The other thing is its domain controller in site B also sometimes brings up the same message (Server 2008r2) and when rebooted like 3 times we are able to login once again.  Same goes for other computers / Servers in lets call it AD site C D E.

 

Any ideas would be appreciated

 

 

8 Replies
Broken Connecting With Hostname

 


I'll assume by this you meant by ip address succeeds? If so I'd check that the time sync across domain is functional.

 

 

@Dave Patrick thank you for the feedback and suggestion.

 

I forgot to mention this was one of the things i checked and checked again this morning.

 

The time sync between all sites is spot on correct 

Might check that all members are using the static address of domain controller listed for DNS on connection properties and no others such as router or public DNS. Also check domain health is 100% (dcdiag, repadmin), check the system and dfs replication event logs for clues.

 

 

Thanks.

yes all that has been checked as well as repadmin which seems to check out fine as below:

Beginning data collection for replication summary, this may take aw
..................


Source DSA largest delta fails/total %% error
DOMAINBFTEMP 08m:36s 0 / 5 0
DOMAINBV5 10m:33s 0 / 25 0
DOMAINDB 12m:03s 0 / 10 0
DOMAINDC 18m:26s 0 / 20 0
DOMAINKW5 22m:33s 0 / 50 0
DOMAINMG 12m:04s 0 / 20 0
DOMAINMP 22m:32s 0 / 25 0
DOMAINPL5B 09m:23s 0 / 20 0
DOMAINPM 09m:23s 0 / 5 0
DOMAINPT 13m:23s 0 / 10 0
DOMAINPX 08m:36s 0 / 5 0
DOMAINST4 13m:23s 0 / 15 0
DOMAINWH 07m:33s 0 / 5 0
DOMAINWN 08m:35s 0 / 5 0
SERVERKW4 23m:37s 0 / 45 0


Destination DSA largest delta fails/total %% error
DOMAINBFTEMP 10m:41s 0 / 20 0
DOMAINBV5 09m:29s 0 / 20 0
DOMAINDB 13m:25s 0 / 15 0
DOMAINDC 22m:39s 0 / 15 0
DOMAINKW5 23m:40s 0 / 35 0
DOMAINMG 05m:24s 0 / 20 0
DOMAINMP 18m:33s 0 / 10 0
DOMAINPL5B 04m:44s 0 / 15 0
DOMAINPM 05m:21s 0 / 15 0
DOMAINPT 12m:04s 0 / 20 0
DOMAINPX 09m:16s 0 / 15 0
DOMAINST4 07m:40s 0 / 15 0
DOMAINWH 09m:17s 0 / 15 0
DOMAINWN 05m:45s 0 / 5 0
SERVERKW4 22m:38s 0 / 30 0



C:\Users\>repadmin /showreps
Windhoek\DOMAINWH
DSA Options: IS_GC
Site Options: (none)
DSA object GUID: 01994859-6ad8-416e-a18f-b17306974cdd
DSA invocationID: 69d5a0ba-3ad8-4880-8010-c269456ade64

==== INBOUND NEIGHBORS ======================================

DC=,DC=co,DC=za
Kenilworth\DOMAINKW5 via RPC
DSA object GUID: adbbbe26-70de-4ad8-b9dd-7546209cdad4
Last attempt @ 2022-11-02 15:02:41 was successful.
Strand2\DOMAINST4 via RPC
DSA object GUID: cc865bae-debc-4d94-b292-6bc78da83c33
Last attempt @ 2022-11-02 15:02:42 was successful.
Kenilworth\SERVERKW4 via RPC
DSA object GUID: bafb583a-df78-445d-a6d9-d501a18ea1eb
Last attempt @ 2022-11-02 15:02:42 was successful.

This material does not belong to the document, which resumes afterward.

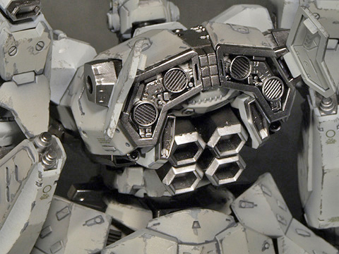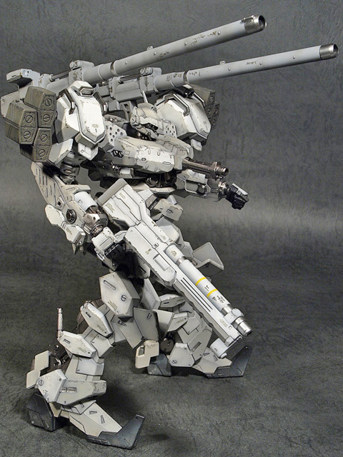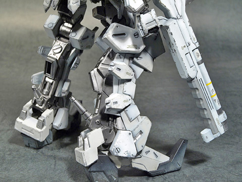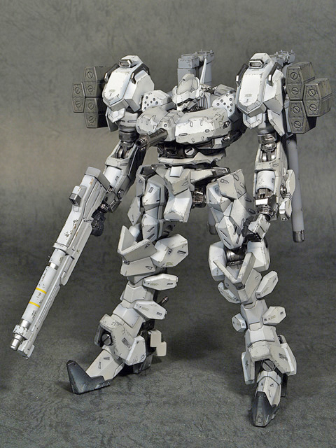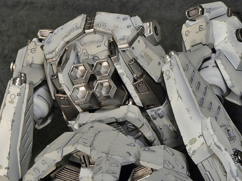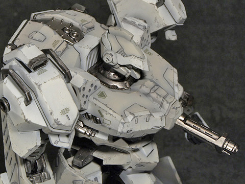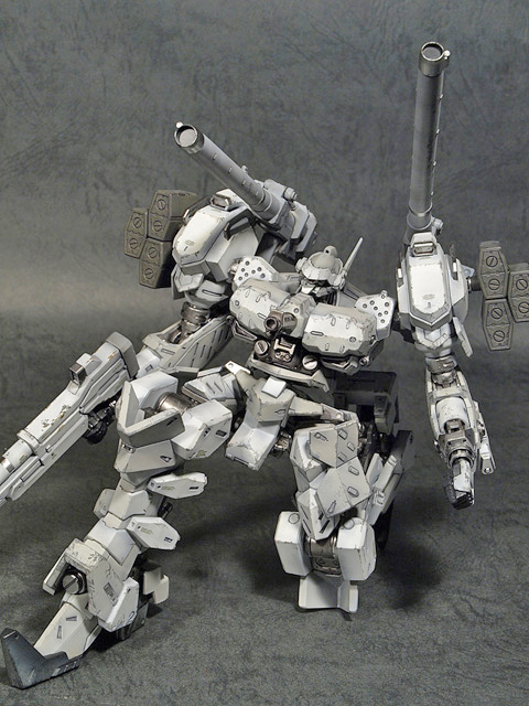 A.C.V.I.シリーズの『クレスト CR-C90U3 デュアルフェイスVer.』と『クレスト CR-C75U2 白兵戦Ver.』を組み合わせたものです。この2セットのキットでそれぞれ新規に追加されたパーツで構成しました。独自設定のレイヴンズ・フラック(ACチーム)『シェヴロンズ』の仕様で作成しました。

CN=Configuration,DC=,DC=co,DC=za
Strand2\DOMAINST4 via RPC
DSA object GUID: cc865bae-debc-4d94-b292-6bc78da83c33
Last attempt @ 2022-11-02 15:02:41 was successful.
Kenilworth\SERVERKW4 via RPC
DSA object GUID: bafb583a-df78-445d-a6d9-d501a18ea1eb
Last attempt @ 2022-11-02 15:02:41 was successful.
Kenilworth\DOMAINKW5 via RPC
DSA object GUID: adbbbe26-70de-4ad8-b9dd-7546209cdad4
Last attempt @ 2022-11-02 15:02:42 was successful.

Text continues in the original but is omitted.